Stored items
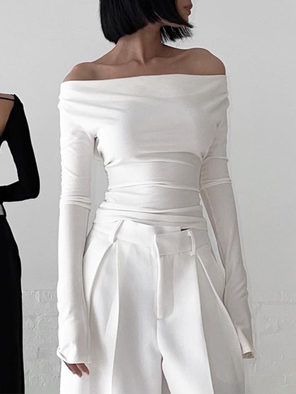 Solid Sweetheart Neck Slim Long Sleeve Tee
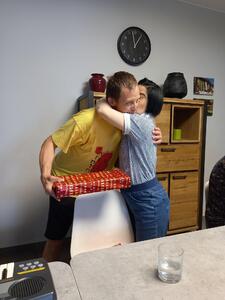 Lekkere vidée met frietjes en veel leuke cadeautjes! Viviane is helemaal in de wolken met deze fijne verrassing van haar collega's van De Villa.
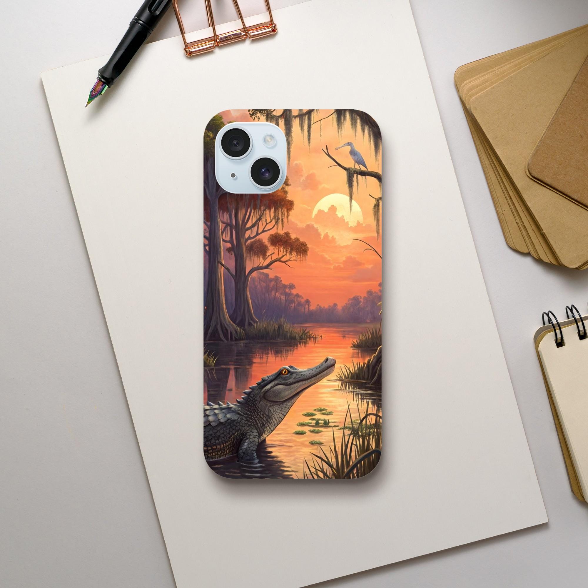 Dive into the wild with our Alligator in an Everglade Swamp iPhone Case! 🐊 This tough case is perfect for nature lovers and adventure seekers who want to add a touch of the wild to their everyday essentials. Featuring a stunning wraparound design of an alligator lounging in a lush Everglade swamp, this phone case isn't just a protective layer; it's a statement piece that reflects your love for the great outdoors.
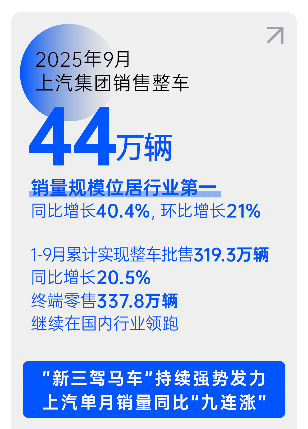 alixixi 10 月 8 日消息,上汽集团今天发布 2025 年 9 月产销快报,本月销售整车 44 万辆,同比增长 40.4%,环比增长 21%,销量规模位居行业第一。
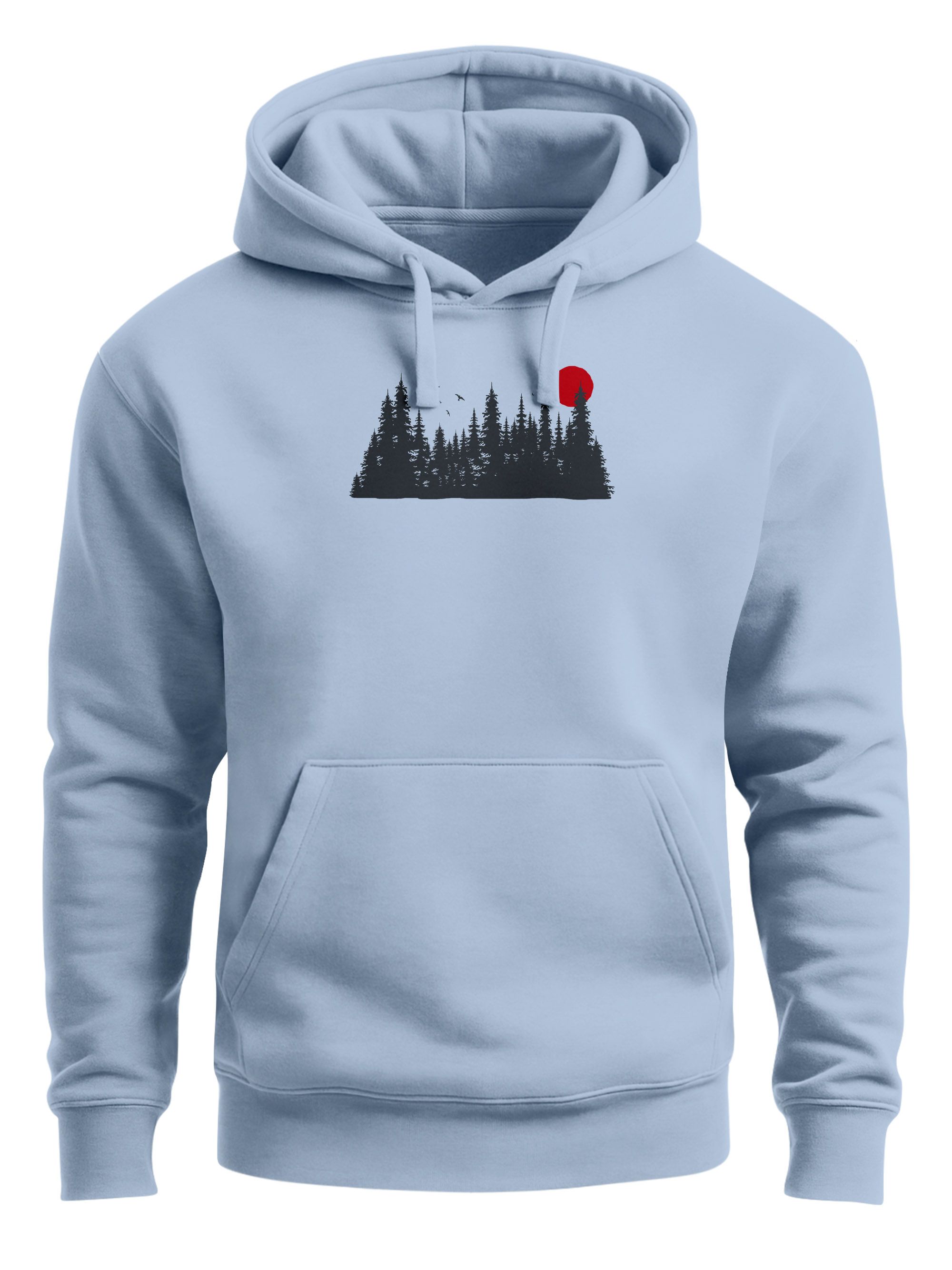 - Kapuzensweatshirt mit starkem Kontrastprint aus Bäumen und Sonne. Ideal für Naturfreunde und Abenteurer – ein moderner Männer Hoodie für Freizeit und Outdoor Aktivitäten

**Exercise aim**
This calls for an exact copy of all the entries above, with the pictures omitted.

**Exercise response**
 Solid Sweetheart Neck Slim Long Sleeve Tee
 Lekkere vidée met frietjes en veel leuke cadeautjes! Viviane is helemaal in de wolken met deze fijne verrassing van haar collega's van De Villa.
 Dive into the wild with our Alligator in an Everglade Swamp iPhone Case! 🐊 This tough case is perfect for nature lovers and adventure seekers who want to add a touch of the wild to their everyday essentials. Featuring a stunning wraparound design of an alligator lounging in a lush Everglade swamp, this phone case isn't just a protective layer; it's a statement piece that reflects your love for the great outdoors.
 alixixi 10 月 8 日消息,上汽集团今天发布 2025 年 9 月产销快报,本月销售整车 44 万辆,同比增长 40.4%,环比增长 21%,销量规模位居行业第一。
 - Kapuzensweatshirt mit starkem Kontrastprint aus Bäumen und Sonne. Ideal für Naturfreunde und Abenteurer – ein moderner Männer Hoodie für Freizeit und Outdoor Aktivitäten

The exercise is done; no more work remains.